План Алейникова был прост. Он основывался на том обстоятельстве, что линия фронта неумолимо приближалась и в связи с этим Лахновский, безусловно Ошеломленный к тому же нападением среди ясного дня на Бергера и его гибелью, ждет теперь неминуемого удара партизан и на самое Шестоково. И этот удар скорее всего будет нанесен нынешней ночью с запада. Почему нынешней ночью и с запада?
Интуиция Алейникову говорила: Лахновский давно взял в оборот всех, кому было известно о поездке Бергера в Орел, а значит, прежде всего некую неизвестную ему Шипову Леокадию, а там, видимо, и Подкорытова.
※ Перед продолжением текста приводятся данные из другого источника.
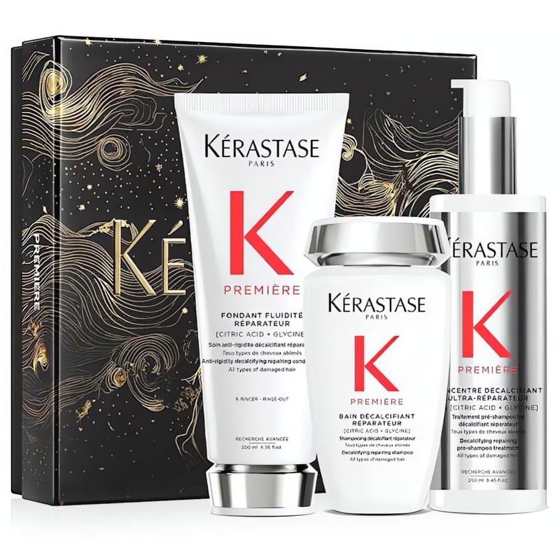 Dárková sada vlasové péče Premiére Fondant Holiday Set je ideálním řešením pro obnovu poškozených vlasů. Obsahuje obnovující šampon, předšamponovou péči a kondicionér, které společně regenerují vlasy a dodávají jim zdravý vzhled. Šampon bez sulfátů jemně čistí a odstraňuje usazeniny vápníku, zatímco kyselina citrónová a glycin v předšamponové péči obnovují strukturu vlasů a zvyšují jejich sílu. Kondicionér pak zajišťuje hebkost a lesk, čímž eliminuje lámavost a matnost. Pravidelným používáním se vlasy stávají pružnějšími a snadno upravitelnými. Dopřejte svým vlasům luxusní péči s touto dárkovou sadou.

Признаются они или нет, что сообщили о поездке Бергера — она Подкорытову, а тот Метальникову, — все равно Метальников теперь для Лахновского ясен. Но, рассуждал Алейников, Лахновский продумал и следующее: Метальников и командир партизанского отряда Баландин тоже не лыком шиты, тоже понимают, что Метальников теперь, видимо, разоблачен и на сегодняшнюю встречу, понятно, являться ему нельзя. А если все же явится, то с одной целью: скрытно следующие за ним партизаны должны захватить его человека, пришедшего на встречу с Метальниковым, под угрозой смерти заставить его подвести к постам, бесшумно уничтожить их и, приблизившись таким образом скрытно к Шестокову, именно с этой стороны (с другой о приближении партизан сообщили бы секреты) напасть на его гарнизон. Другой цели явка Метальникова означать теперь не могла. И он явится, ибо другой такой возможности обмануть бдительность Лахновского просто у партизан уже не будет и «Абвергруппа» по мере дальнейшего приближения фронта может эвакуироваться в более глубокий тыл. А этого партизаны допустить не могут.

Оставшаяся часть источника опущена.